What the easiest way to solve this for x? I always run into problems when i go about solving a polynomial with a number in the front of them....please help!
2x^2 - 5x - 3
thank you.
2007-05-14 13:33:47 · 8 answers · asked by Snooglez 2 in Science & Mathematics ➔ Mathematics
Well, if the 2 in front of the x² is bothering you, divide the whole thing by 2:
x² - (5/2) x - (3/2) = 0
You end up with some fractions, but at least there's no 2. Both equations have the same solutions. Here are the factors:
(x - 3)(2x + 1) = 0
OR
(x - 3)(x + 1/2) = 0
As you can see, both end up with x = 3 and x = -1/2. The quadratic formula will also work to the same end:
for the equation a*x² + b*x + c = 0,
x = [-b ± √(b² - 4*a*c)]/[2*a]
plugging in the values for a, b, and c:
x = [-(-5) ± √(5² - 4*2*(-3))]/[2*2]
x = [5 ± √(25 + 24)]/[4]
x = [5 ± √(49)]/[4]
x = [5 ± 7]/[4]
x = [5 + 7]/[4] or x = [5 - 7]/[4]
x = 12/4 or x = -2/4
x = 3 or x = -1/2
OR
x = [-(-5/2) ± √((5/2)² - 4*(1)*(-3/2))]/[2*1]
x = [5/2 ± √(25/4 + 12/2)]/[2]
x = [5/2 ± √(49/4)]/[2]
x = [5/2 ± 7/2]/[2]
x = [5/2 + 7/2]/[2] or x = [5/2 - 7/2]/[2]
x = [12/2]/[2] or x = [-2/2]/[2]
x = 3 or x = -1/2
So, whatever works for you! Hope that helps.
2007-05-14 13:38:02 · answer #1 · answered by eirikir 2 · 0⤊ 0⤋
That isn't an equation, it isn't set to equal (=) anything. Assuming you mean that you want to factor it:
The answer is (2x+1)(x-3). I came to this by realizing -3 x 2 = -6 and then +1 gets -5 which is the center coefficient. What you want to do is think of the factors of -3 in your head and then how you can multiply those with the factors of 2 followed by adding them to get -5.

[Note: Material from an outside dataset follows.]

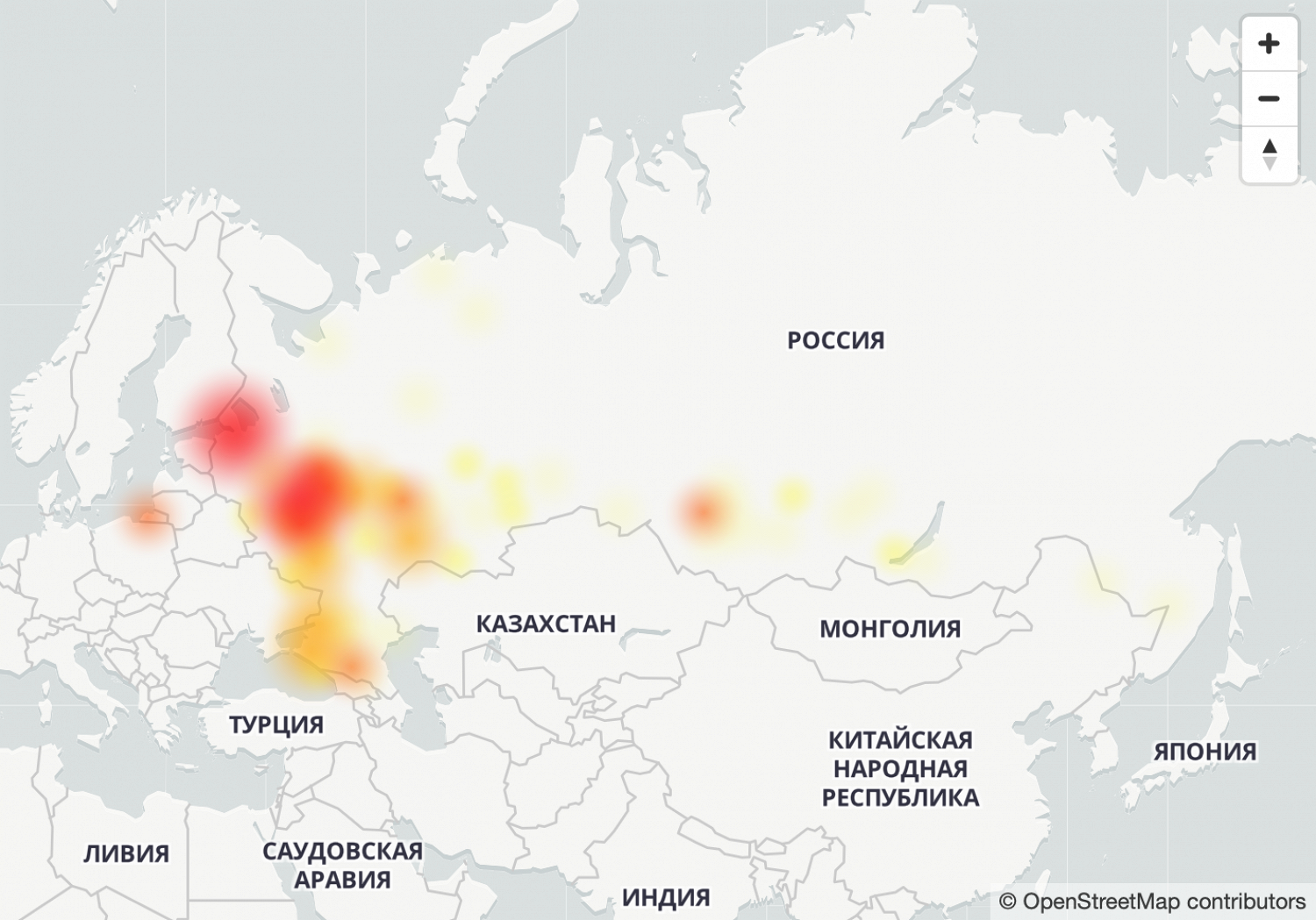 Карту неполадок «Яндекса» можно найти на сайте Downdetector.

I find the quickest way is really to just imagine the factors and then do a kind of elimination in your head. -3, +1 are factors of 3 and then 2, 1 are factors of 2. Multiply -3 and 2 to get -6 and then 1 and 1 to get 1 which added is -5.
P.S. in a problem like this with relatively small numbers this is definitely the fastest way, I did this in about 3 seconds.

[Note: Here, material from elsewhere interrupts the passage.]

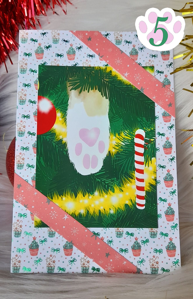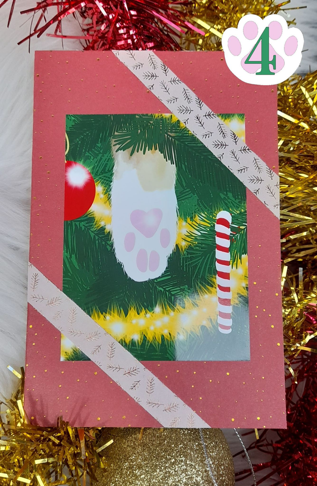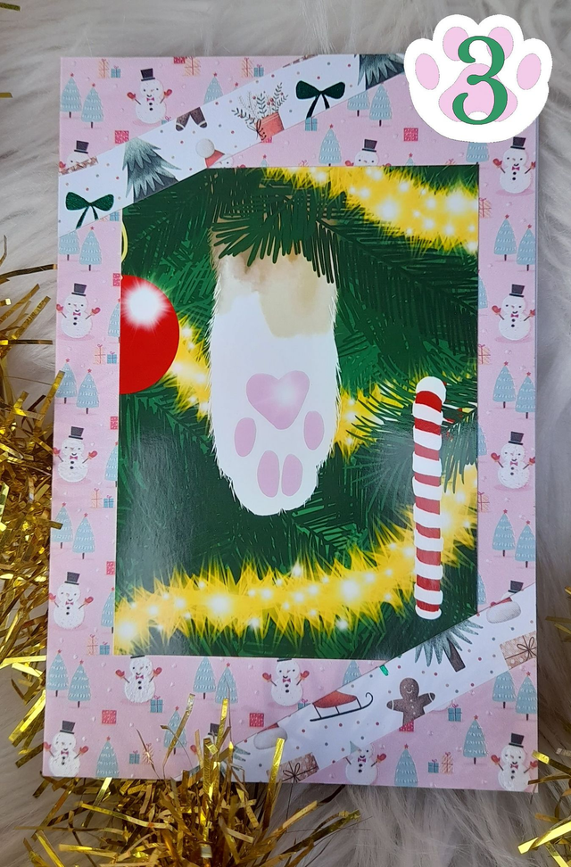 Carte de voeux Pattoune de chat dans sapin

2007-05-14 13:41:29 · answer #2 · answered by nimble_rabit 1 · 0⤊ 0⤋
In the equation ax^2 + bx + c, the roots are equal to
(-b +/- sqrt(b^2 - 4 * a * c)) / 2a
In this problem:
a = 2
b = -5
c = -3
(- (-5) +/- sqrt((-5)^2 - 4 * 2 * -3)) / 2 * 2
(5 +/- sqrt (25 + 24)) / 4
(5 +/- sqrt (49)) / 4
(5 +/- 7) / 4
12/4 or -2/4
3 or -1/2
(x - 3)(2x + 1)
2007-05-14 13:39:43 · answer #3 · answered by TychaBrahe 7 · 0⤊ 0⤋
Assuming it's equal to zero, you can factor by FOIL. You know the two factors start with 2x and 1x, and the signs are + and - because the last number is negative, so by trial and error you'll get it.
(2x + 1)(1x - 3) = 0
Then make each factor = 0 and solve.
2x + 1 = 0; 2x = -1; x = -1/2
like that
2007-05-14 13:40:59 · answer #4 · answered by hayharbr 7 · 0⤊ 0⤋
interior the 1st case, invert the 2d fraction and multiply you are able to desire to component first, so as which you will cancel 8 over x^4(x-4) cases x^5 over 4(x+4) cancel the 8 and the 4 to be 2 and a million cancel x^4 to be a million and x Now you have 2 over (x-4) cases x over x+4 Multiply to get 2x over (x-4)(x+4) or 2x over x^2 -sixteen interior the 2d case, cancel the x-3 components and the x+7 components to get a million/(x+3) cases (x+7) over (x+2) (x+7) over (x+3)(x+2)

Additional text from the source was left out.